À propos de PetroReconcavo
1. Modèle économique
PetroReconcavo exerce le métier d’opérateur pétrolier et gazier *onshore* sur les bassins de Bahia (Recôncavo) et du Rio Grande do Norte (Potiguar) : revenus de ventes d’hydrocarbures, intégration de services (flotte propre) et, depuis peu, brique *midstream* (traitement, pipeline, *offtake* gazier) pour coller le prix du baril. En 2025, l’état d’exercice affiche 3,158 Md R$ de chiffre d’affaires net, 1,443 Md R$ d’EBITDA (marge 45,7 %), 638 M R$ de résultat net : le résultat grimpe, pas le haut de tableau, signe d’un exercice piqué par le *Brent* et la structure de coûts. La production moyenne 2025 est donnée à 26,5 kboe/j et le *mix* opérationnel, selon l’analyse de presse, pèse environ 58 % pétrole / 42 % gaz. Côté bilan, le dette nette est à 1.586 Md R$ pour 1,10× l’EBITDA : la société a de la marge d’infrastructure, mais moins d’amorti « gratuit » quand l’*upstream* vieillit. Les revenus restent en corrélation serrée avec le cycle du pétrole — thème central pour la suite.
2. Impact réel
En l’absence, à ce stade, d’une fiche d’inventaire carbone *entreprise* alignée sur les cadres CSRD/UE, l’impact se lit par la nature du métier : production fossile et prolongation d’actifs matures *onshore*. Sur le plan climat, le lecteur ne doit pas y chercher l’évitement de CO₂ : le gaz commercialisé se substitue en partie au charbon *en principe* sur des marchés électriques, mais ce chemin dépend de l’usage final et du *methane*— variables absentes d’un bilan public résumable ici.
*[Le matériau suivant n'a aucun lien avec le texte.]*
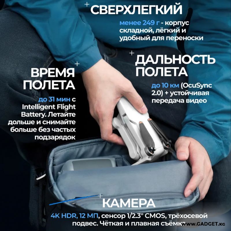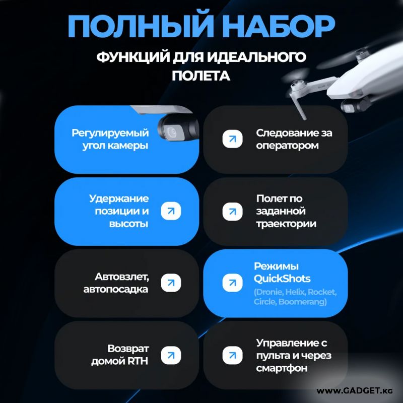 Одного заряда аккумулятора хватает до 31 минуты полёта. Это позволяет сосредоточиться на творчестве, не переживая из-за постоянных перерывов. Вы сможете тщательно спланировать маршрут, выбрать идеальный ракурс и снять именно то, что хотели.

Côté contexte, la fiche pédagogique pétrole de Connaissance des Énergies rappelle la chaîne de valeur du secteur; pour le Brésil, les analyses récentes de l’AFP reprises par CDE sur Petrobras placent l’or noir au centre d’un pays où la transition s’invente ailleurs (électricité, bioénergies), sans alignement direct avec le PPE3 *français* (cadre inopérant pour l’E&P brésilienne). Aucun pourcentage d’EnR *corporate* documenté ici n’a été retenu : les rapports de durabilité (CDP, employeurs locaux, programmes sociaux) qualifient la gouvernance, pas l’alchimie climatique de chaque baril.
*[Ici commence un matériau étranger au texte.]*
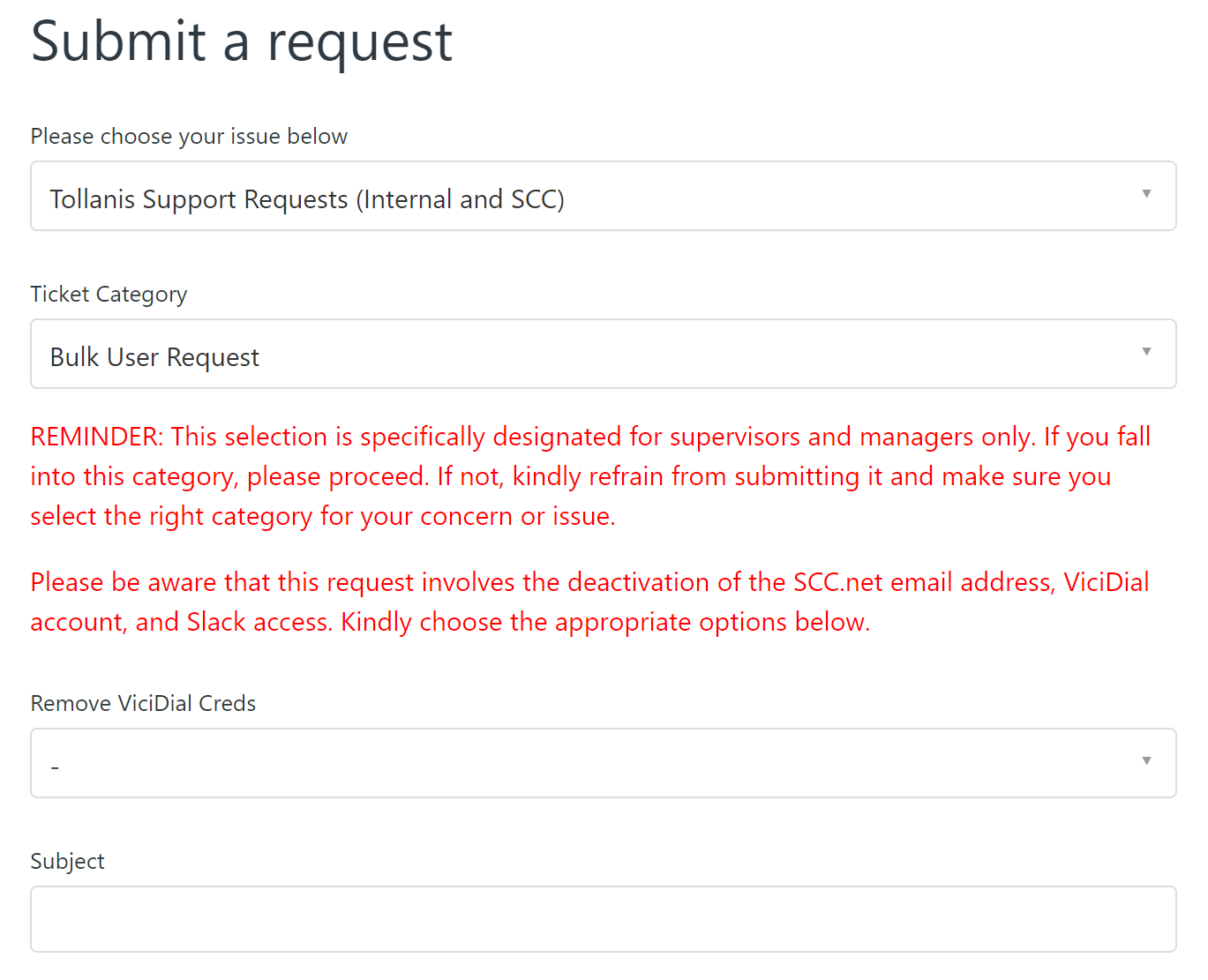 This article provides the steps to submit an offboarding request for a Smarter Call Center (SCC) user.

3. Innovations / partenariats
Le cœur de l’*edge* 2024–2026 est moins *deep tech* que *deep drilling* : d’après l’analyse reprise par The Rio Times, premières expériences de puits profonds au Recôncavo et premier puits horizontal en Rio Grande de Norte, avec l’enjeu d’élargir la base ressource au-delà des 182,2 MMboe 2P certifiés (PV10 2,4 Md $). Côté *midstream*, l’acquisition de 50 % d’infrastructures gazières auprès de Brava Energia, pour 65 M$ vise l’*offtake* et la baisse des coûts de traitement. La direction annonce, pour 2026, une allocation de capital plus sélective (workover, inondation par l’eau) ; le compte d’exploitant du transcript d’Investing.com a été relevé côté marché sur baisse d’envergure du capex et discipline cash, sans que nous reproduisions ligne à ligne toutes les *guidances* ici. Le Global Compact ONU : profil d’engagement (Communication on Progress) — gouvernance, pas gisement.
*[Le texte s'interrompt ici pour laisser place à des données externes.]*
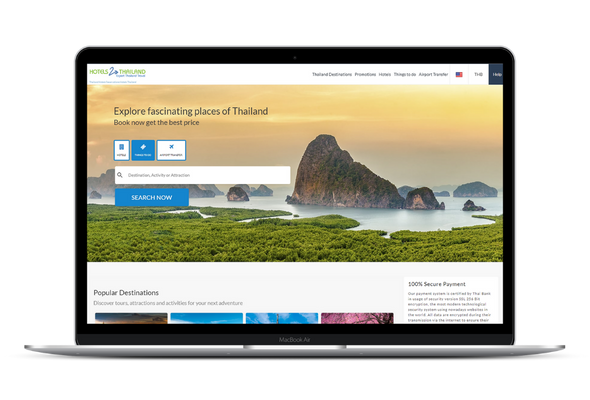 Hotels2thailand.com เป็นแพลตฟอร์มตัวแทนการท่องเที่ยวออนไลน์ (OTA) ให้บริการในการวางแผนและการจองโรงแรมและสถานที่ท่องเที่ยวต่างๆ ในเมืองไทย

4. Greenwashing / zones grises
Le risque n’est pas tant le marketing « net-zéro » (peu d’*étiquette* à coller) que le décalage entre RSE/employabilité et cœur fossile : 93 % d’employés d’origine régionale, CDP, programmes sociaux font une socie de territoire, pas une entreprise d’*atténuation* globale. Exposition réglementaire : en février 2026, l’ANP a entériné l’extinction de la concession Juriti pour une production fumeuse (bruit médiatique, mais symbole fort), avec 180 jours de démantèlement; auparavant, fermeture provisoire d’un enjeu sûreté (Cassarongongo) est rapportée dans le même arbitrage *risques*. Stagnation ressource : une lecture analyste (Brazil Stock Guide) a mis en lumière la pression sur le taux de remplacement; le fichier d’investisseurs officialise, pour 2025, un taux 1,0× côté 2P : « au seuil de la stagne », pas d’*overshoot* de croissance. Bourse : l’action reste pénalisée quand l’*output* s’interroge, même quand le net bondit sur effets *FX* / hors exploitation.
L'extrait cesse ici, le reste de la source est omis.